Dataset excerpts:

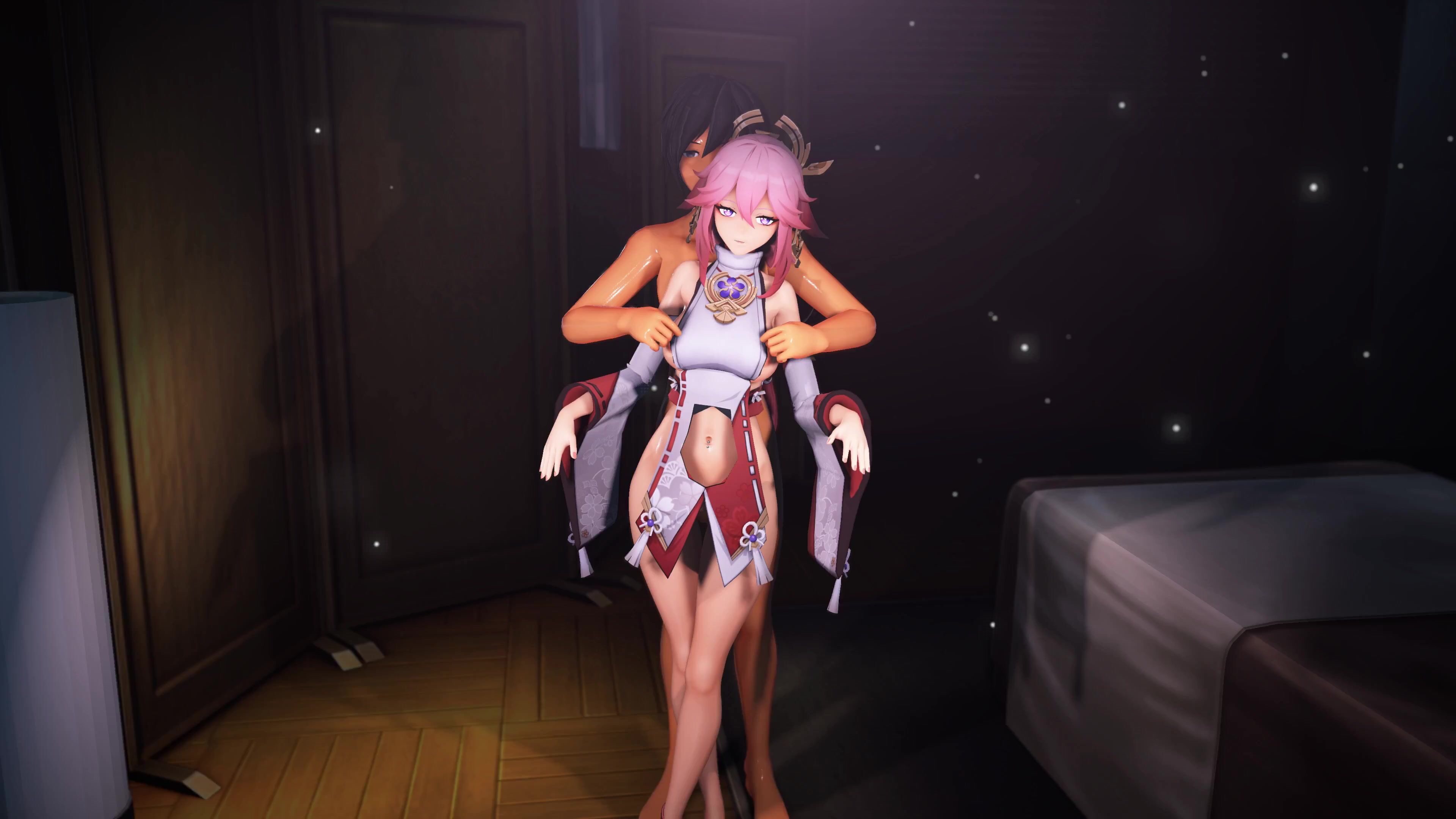Watch Yae Miko tease and please in this hot hentai porn video!
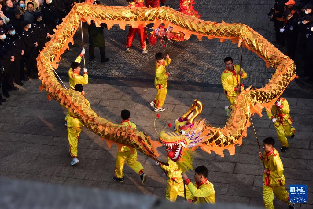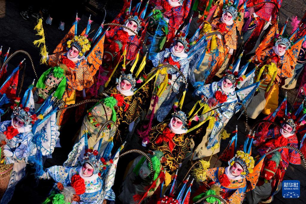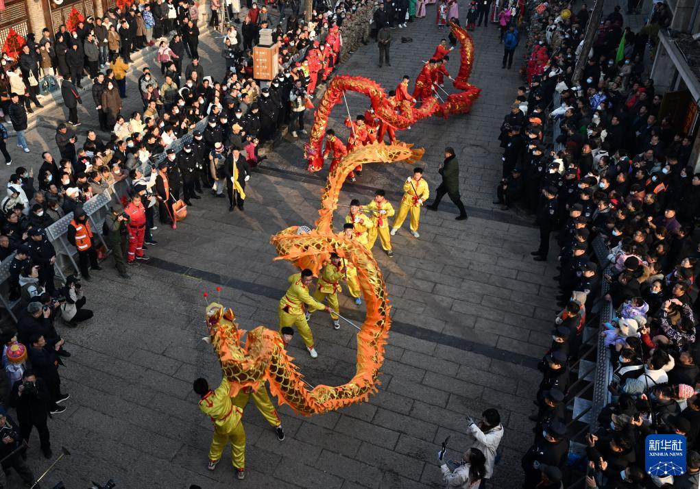 2月25日,浚县民间社火团体在古庙会上表演。(新华社发 张婷媛 摄)
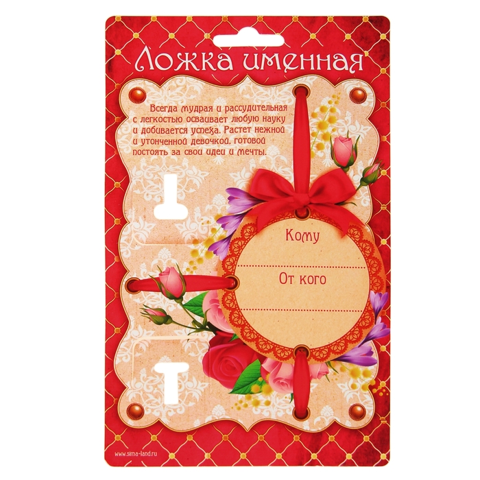 Именная ложка - это не только функциональный подарок на день рождения, профессиональный праздник или в любой другой день, но и оригинальный предмет интерьера. Надпись нанесена на черпак при помощи лазера, на рукоятке ложки – золотой узор. Дизайнерское оформление открытки позволит выбрать подарок по случаю и торжественно вручить его адресату.
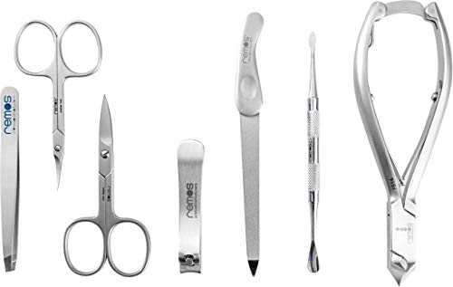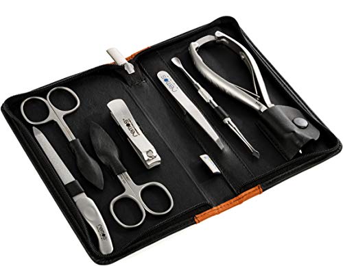 Produkte die Freude machen: Reiseset aus echtem Leder, mit 7 Instrumenten aus rostfreiem Edelstahl, Nagelschere, Hautschere, Nagelfeile, Augenbrauenpinzette, Zwicker, Pedikürzange, Nagelhautschieber.
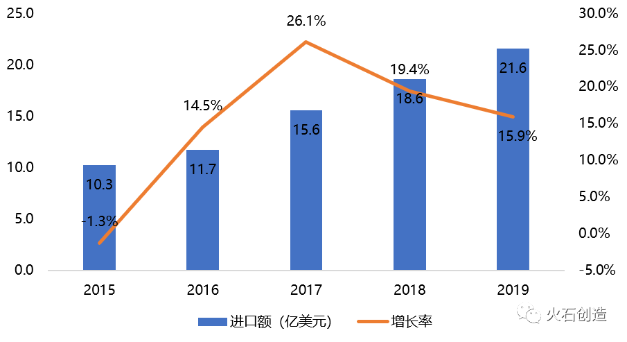 2019年中药进口规模为21.55亿美元,五年间复合增长率达16%,实现快速增长。
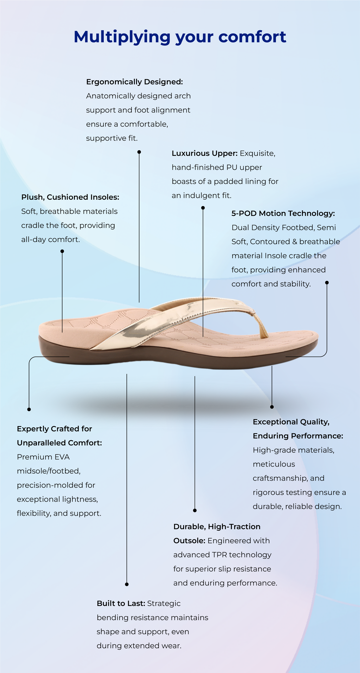 Innovative Motion Technology: Say hello to our patented Motion Technology, meticulously engineered for women's arch support. Combining style with functionality, it effectively prevents foot pain and discomfort, ensuring superior comfort.

» **What the task asks**: Each entry should come back exactly as written, with its pictures omitted.

» **Response to the exercise**:
Watch Yae Miko tease and please in this hot hentai porn video!
 2月25日,浚县民间社火团体在古庙会上表演。(新华社发 张婷媛 摄)
 Именная ложка - это не только функциональный подарок на день рождения, профессиональный праздник или в любой другой день, но и оригинальный предмет интерьера. Надпись нанесена на черпак при помощи лазера, на рукоятке ложки – золотой узор. Дизайнерское оформление открытки позволит выбрать подарок по случаю и торжественно вручить его адресату.
 Produkte die Freude machen: Reiseset aus echtem Leder, mit 7 Instrumenten aus rostfreiem Edelstahl, Nagelschere, Hautschere, Nagelfeile, Augenbrauenpinzette, Zwicker, Pedikürzange, Nagelhautschieber.
 2019年中药进口规模为21.55亿美元,五年间复合增长率达16%,实现快速增长。
 Innovative Motion Technology: Say hello to our patented Motion Technology, meticulously engineered for women's arch support. Combining style with functionality, it effectively prevents foot pain and discomfort, ensuring superior comfort.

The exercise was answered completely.